The reason for this was because the Lord Jesus had gone to the Father and the Holy Spirit had come down. That is the key. Peter said on the day of Pentecost:
"This Jesus hath God raised up, whereof we all are witnesses. Therefore being by the right hand of God exalted, and having received of the Father the promise of the Holy Ghost, He hath shed forth this, which ye now see and hear" (Act 2:32-33).
What the Lord says next in vs 13 & 14 follow and flow out of v 12. It explains how and why ‘greater works’ will be accomplished. They will happen because the apostles will ask for them in His name. Therefore, their asking will not only be in accordance with all that His name represents and in the authority of His name, but also for His name’s sake so that “the Father may be glorified in the Son” (v 13). What the Lord Jesus refers to here is perhaps demonstrated by the apostles as they prayed after Peter and John were released having been before the Sanhedrin for the healing of the impotent man:
"And now, Lord, behold their threatenings: and grant unto Thy servants, that with all boldness they may speak Thy word, by stretching forth Thine hand to heal; and that signs and wonders may be done by the name of Thy holy child Jesus. And when they had prayed, the place was shaken where they were assembled together; and they were all filled with the Holy Ghost, and they spake the word of God with boldness" (Act 4:29-31).

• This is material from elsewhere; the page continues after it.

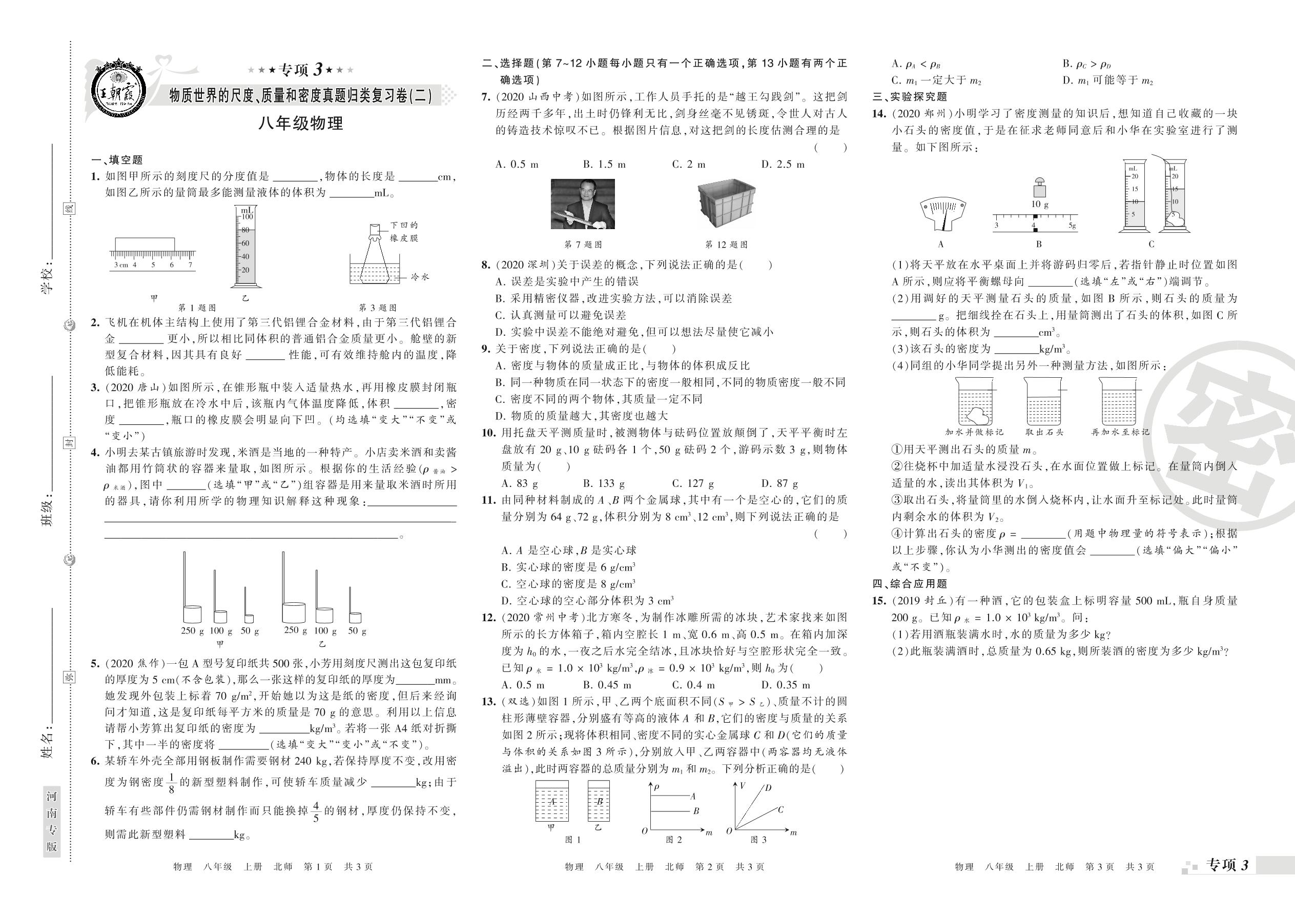 王朝霞期末专项卷——物质世界的质量、尺度和密度、物质的简单运动真题归类复习八年级上册物理(北师版)【0】

The promise the Lord is giving has obviously primary and particular relevance to the apostles. This is not referring to the many things we ask in prayer, which we do and should do, in the name of the Lord Jesus, but for which we don’t necessarily receive the desired answer either at the time or even ever. Again these references in the upper room to asking in the Lord’s name and being assured of an answer accordingly (John 13:14; 15:7, 16; 16:23–26) particularly refer to the apostles’ in their ministry. However, the principle holds for us in that as we pray in accordance with all that the name of the Lord Jesus represents and in the authority of His name, we should also be praying for the sake of His name so that glory will be brought to the Father. Such will put a different impetus to our prayers than sometimes marks them.
Scripture quotations, unless otherwise indicated, are from the King James Version.